Logo Cineca Logo SCAI

You are here

Exercise 1: Guided solution

Guided Solution

In this section we will go through the resolution of the previously stated exercise on code parallelization.

1) Domain decomposition

First let's go to the main function. Here we found the allocation for the temperature arrays. In the serial code the whole array is allocated in memory:

    temp = (float *) malloc (nRow*nCol*sizeof(float));
temp_new = (float *) malloc (nRow*nCol*sizeof(float))

Now we need to transform these lines to let each task allocate only its chunk of data. Let's divide the domain by rows.

                                                                                                                                                                                                                                                                                                              

Please note that in the evolve function, each point needs all the 4 neighbours. Therefore, to cope with the points at the boundaries of the chunk, your need to allocate extra space for the so called ghost cells. This extra allocation is also valid for the first and the last task. Can you tell why?

We challenge you to take care also of the remainders in case NY is not divisible by the number of tasks.

 

2) Initialization

Now each task has its own chunk of data and each one must perform the initialization. 

init_transport(temp);

Given the domain decomposition by rows, we need to modify accordingly the function that transform discrete coordinates (iy = 1,...,100) to real coordinates (y=-1.0,...,+1.0)

iy2y(iy){
return ((iy-1) - (NY-1) / 2.0)*LY/(NY-1)
}

In practice, the local iy discrete coordinate must be converted in the global iy discrete coordinate. Again, are you able to take care of the remainders?

 

3) Update boundaries

In each step of the simulation boundaries are updated. With the domain decomposition new boundaries are introduced.

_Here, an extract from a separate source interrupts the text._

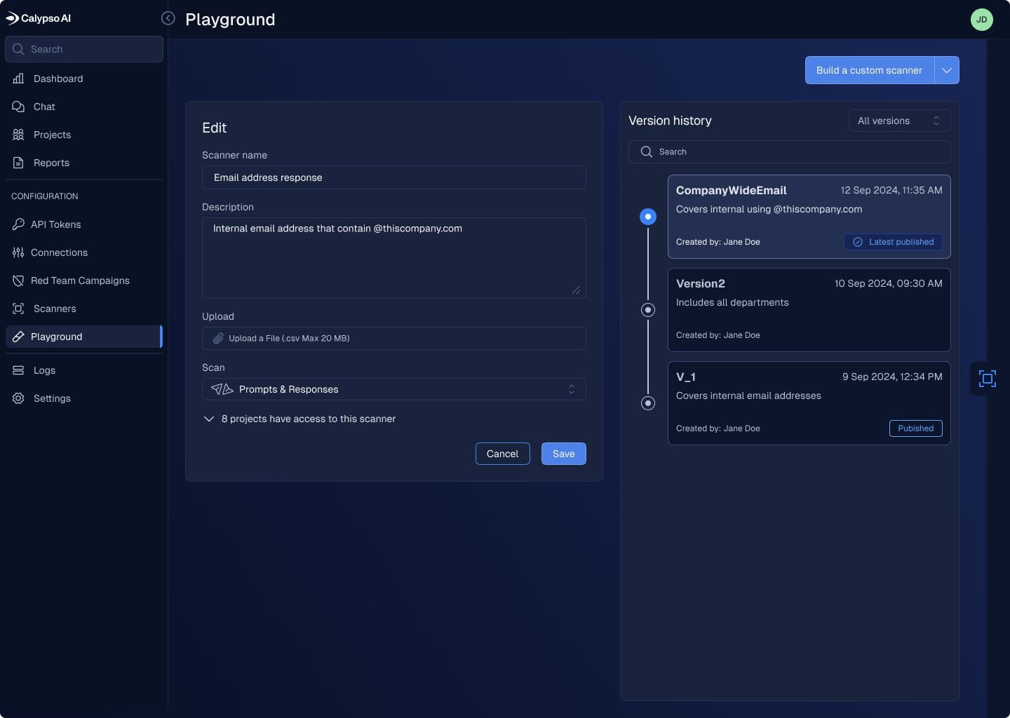 Another major use case is adapting to regulatory and policy changes. Enterprises today face a constantly shifting compliance landscape, from data privacy regulations to emerging AI-specific rules like the EU AI Act. Custom Scanner Versioning allows organizations to roll out new detection logic or policy-aligned scanners quickly and methodically. Teams can deploy updated versions to select projects or environments, validate performance, and then scale them across the enterprise, enabling compliance without slowing down innovation.

Each task can take care of the left and right boundaries of the domain, while only the first and the last have to deal with the lower and the upper side of the domain. The following picture represents how the work must be divided among the tasks.

                                                                              

With the domain decomposition we have artificially removed the proximity of certain points in the domain. This imposes that data has to be shared among tasks resulting in task dependencies. Ghost cells must be updated each step of the simulation, receiving data from and sending data to the neighbour tasks. You might want to use MPI_PROC_NULL which is a special MPI value: communications that send to or receive form MPI_COM_NULL have no effect.

                                                                                                                                                                                                                      

 

4) Evolve simulation

You can now let each task evolve the simulation on its chunk of  data. This function is pretty much the same of the serial code.

5) Save file

For simplicty only root (task 0) is devoted to write down the results. It will write its chunk of data, and after having received their own from the other tasks, it will complete the writing.